Studies have shown that employees typically follow four primary paths to turnover, each of which has different implications for an organization:

  • Employee dissatisfaction. Attack this issue with traditional retention strategies such as monitoring workplace attitudes and addressing the drivers of turnover.
  • Better alternatives. Retain employees by ensuring that the organization is competitive in terms of rewards, developmental opportunities and the quality of the work environment. Be prepared to deal with external offers for valued employees.
  • A planned change. Some employees may have a predetermined plan to quit (e.g., if their spouse becomes pregnant, if they get a job advancement opportunity, if they are accepted into a degree program). However, increasing rewards tied to tenure or in response to employee needs may alter the plans of some employees. For example, if a company is seeing exits based on family-related plans, more generous parental leave and family-friendly policies may help reduce the impact.
  • A negative experience. Employees sometimes leave on impulse, without any plan for the future. Generally, this is the result of a negative response to a specific action (e.g., being passed over for a promotion or experiencing difficulties with a supervisor). Analyze the types and frequencies of work-related issues that are driving employees to leave. Provide training to minimize prevalent negative interactions (e.g., harassment, bullying, or unfair and inconsistent treatment) and provide support mechanisms to deal with those problems (e.g., conflict resolution procedures, alternative work schedules or employee assistance programs).

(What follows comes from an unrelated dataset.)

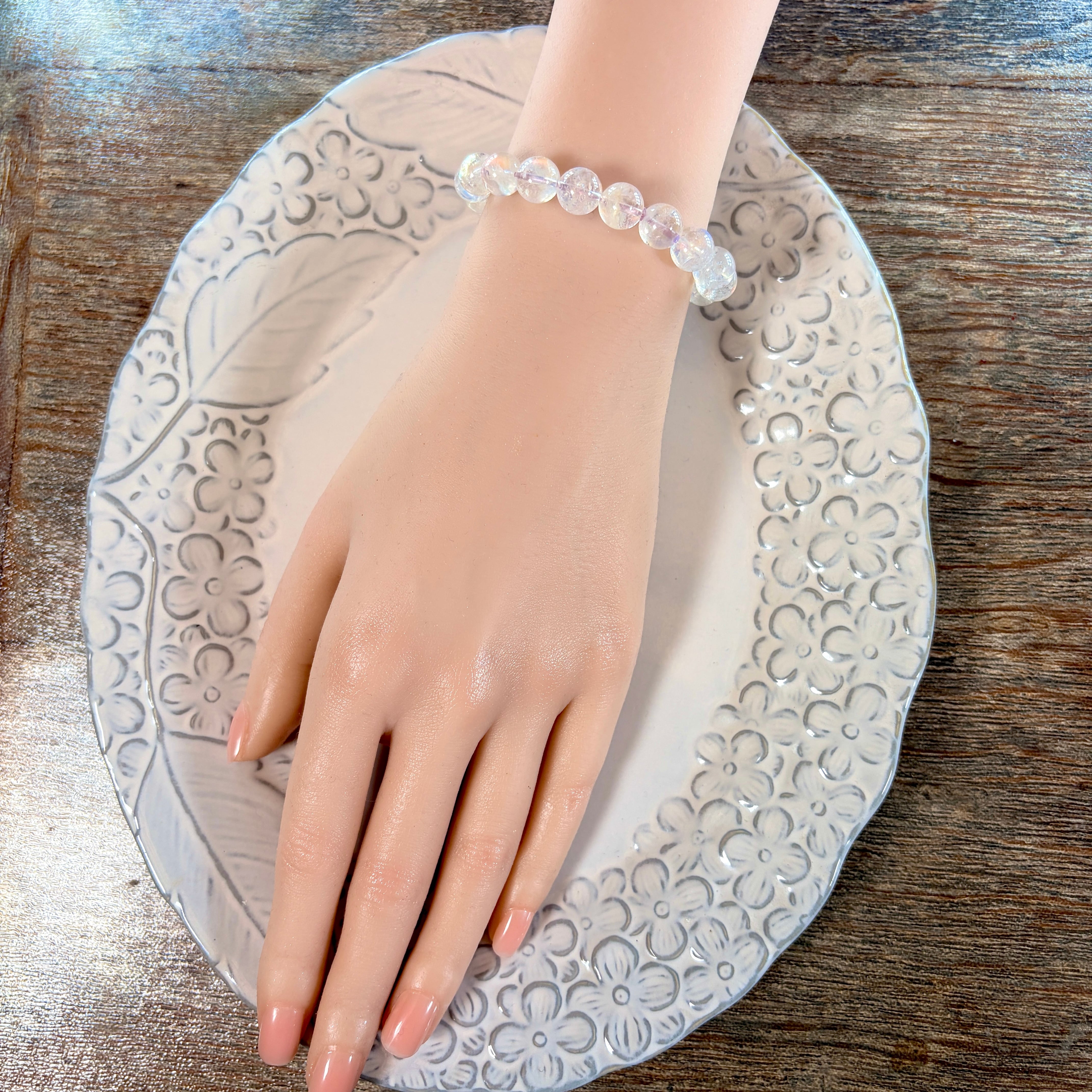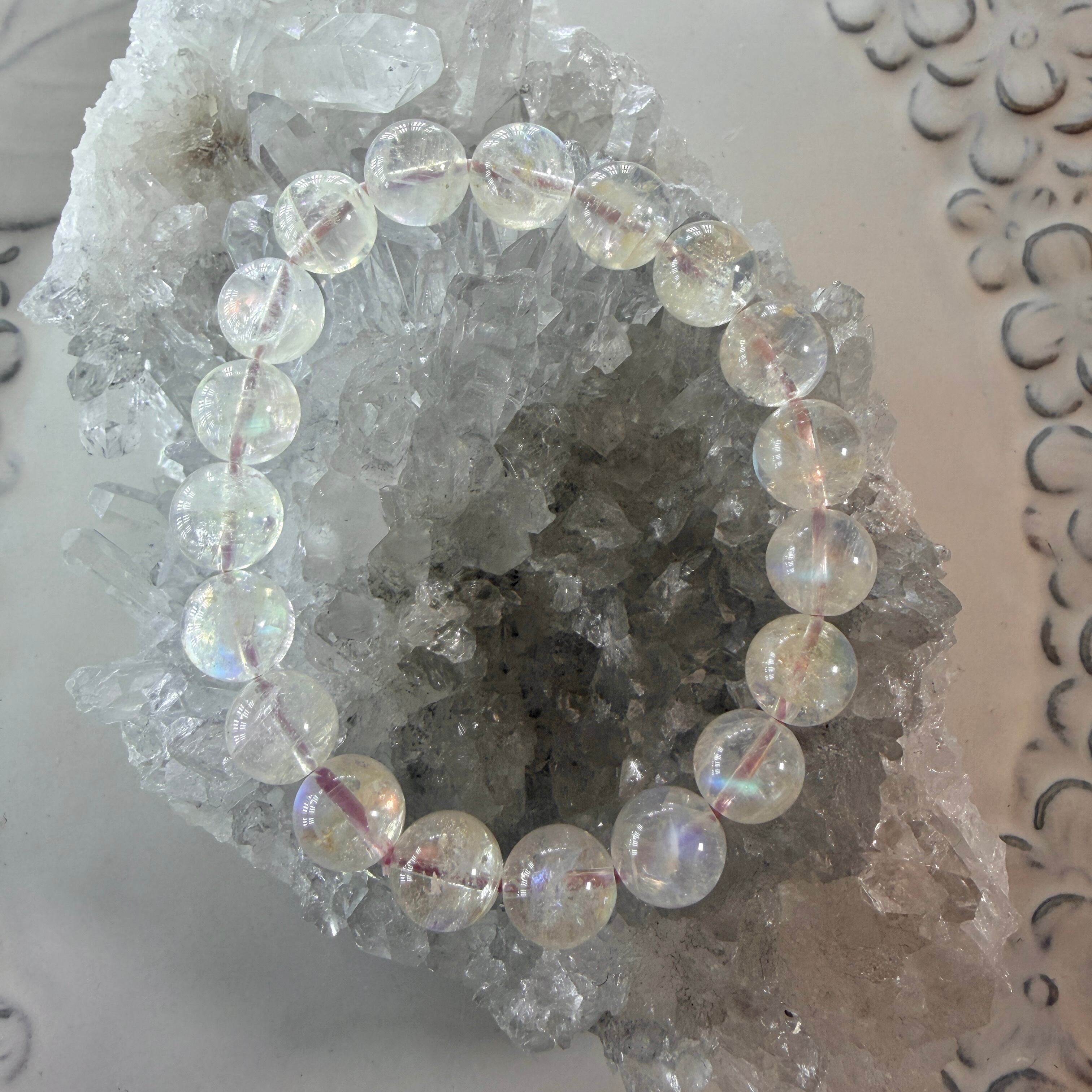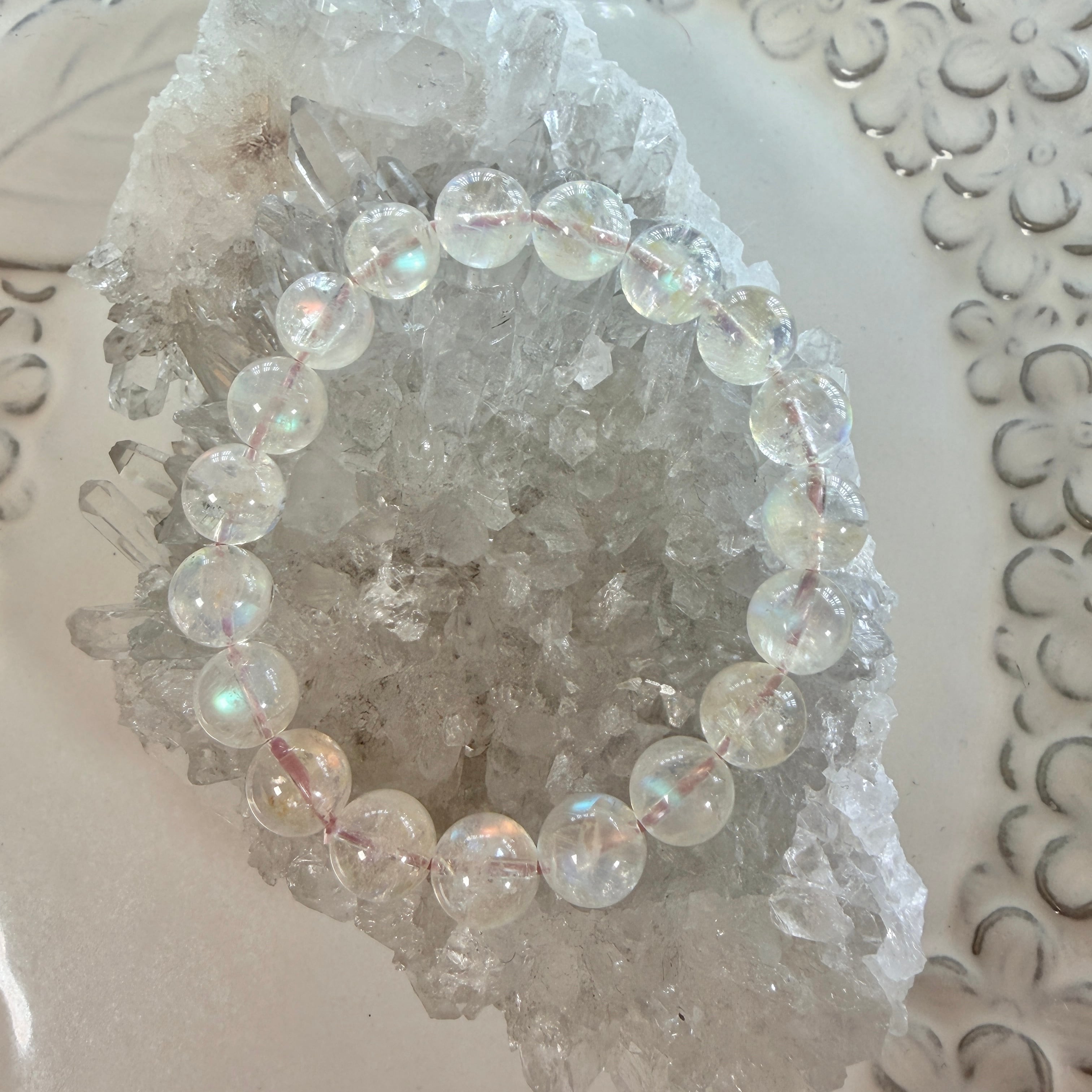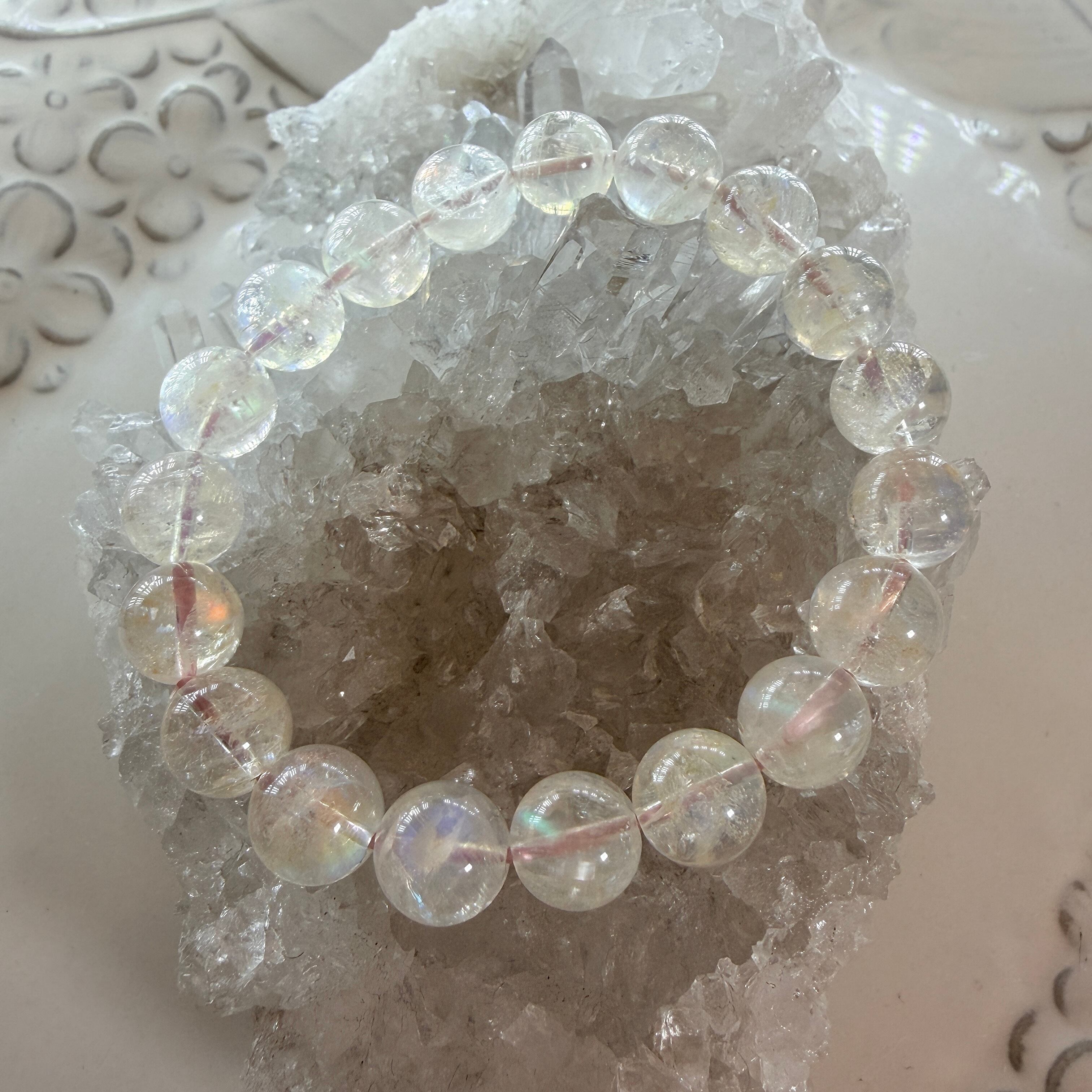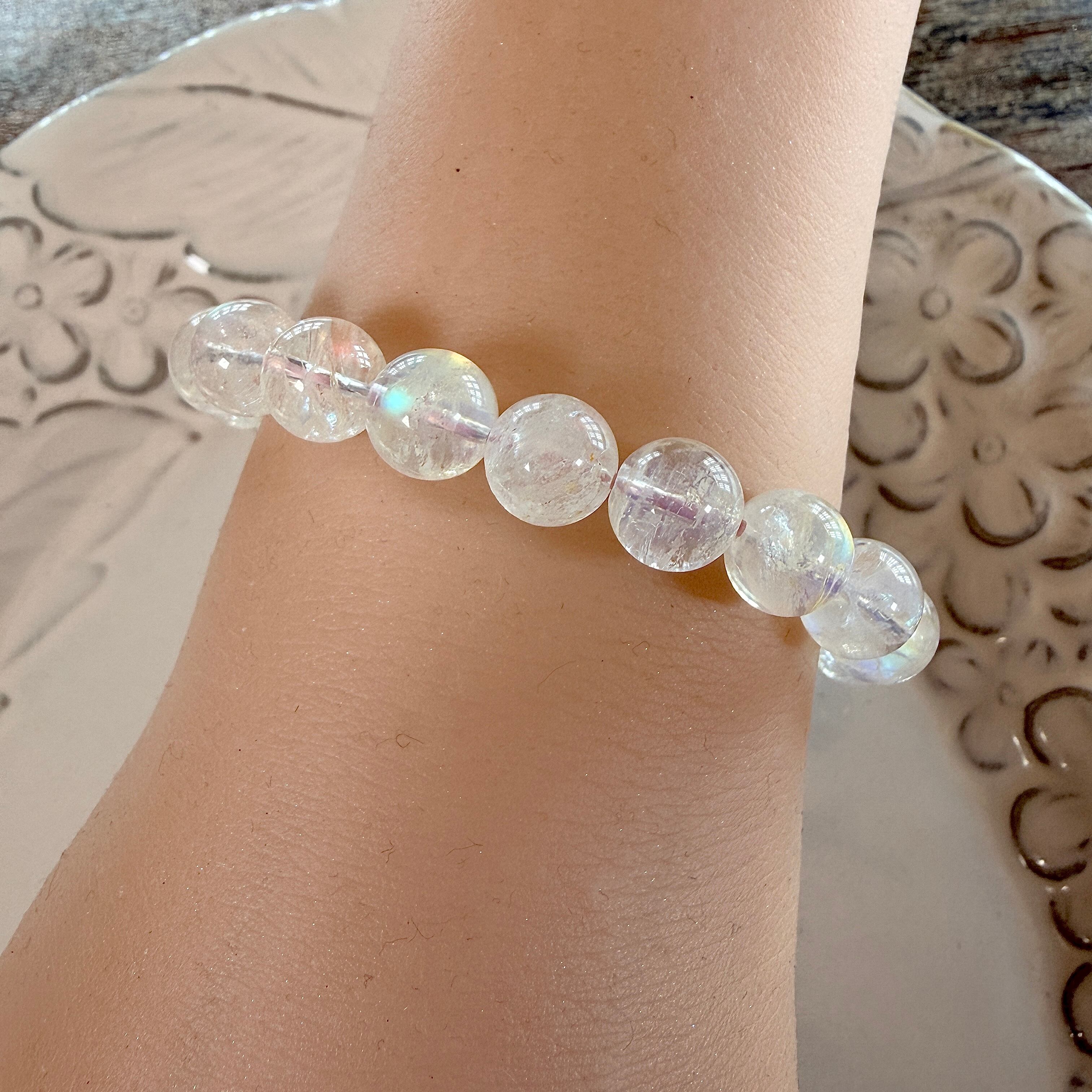 【恋愛・人間関係・金運仕事運】全珠虹色☆AAAAA☆マダガスカル産オーロラシラーレインボームーンストーン8.5mm珠ブレスレット(1点もの)

Additional predictors of turnover that merit careful attention include:

  • Organizational commitment and job satisfaction.
  • Quality of the employee-supervisor relationship.
  • Role clarity.
  • Job design.
  • Workgroup cohesion.

Following are some of the employment practices which will help create an impact on employee retention:

  • Recruitment and Hiring: Right and correct resource should be hired in the first place. It calls for quite a lot of time and effort. When the bond between the employees and the organization is cordial and the mix between the required skill set for a particular job requirement is also right, retention is less likely to be an issue.
  • Orientation and Onboarding: Treating employees the right way in the early stages of employment is vital and enhances retention.
  • Training and Development: Training and development are the key factors in helping employees grow with your company and stay marketable in their field.
  • Performance Evaluation: When employees are aware of what they are doing and the areas they need to improve on, it is beneficial both for the organization and the employee.
  • Pay and Benefits: While today many employees tend to rate factors such as career development higher than pay, good pay and benefits still count to be the deciding factors for employee retention.
  • Internal Communication: Effective communication will help reduce the communication gap in an organization and curb employee attrition. Employees need to know and be reminded on a regular basis how the organization is doing and what they can do to help.
  • Termination and Outplacement: Employees who leave on good terms are much more likely to recommend your company, and in doing so, help you attract and retain future employees.

Broad-based strategies

Broad-based strategies are directed at the entire organization or at large subsystems and are intended to address overall retention rates. Examples include providing across-the-board market-based salary increases, changing the hiring process to incorporate retention-related criteria and improving the work environment.  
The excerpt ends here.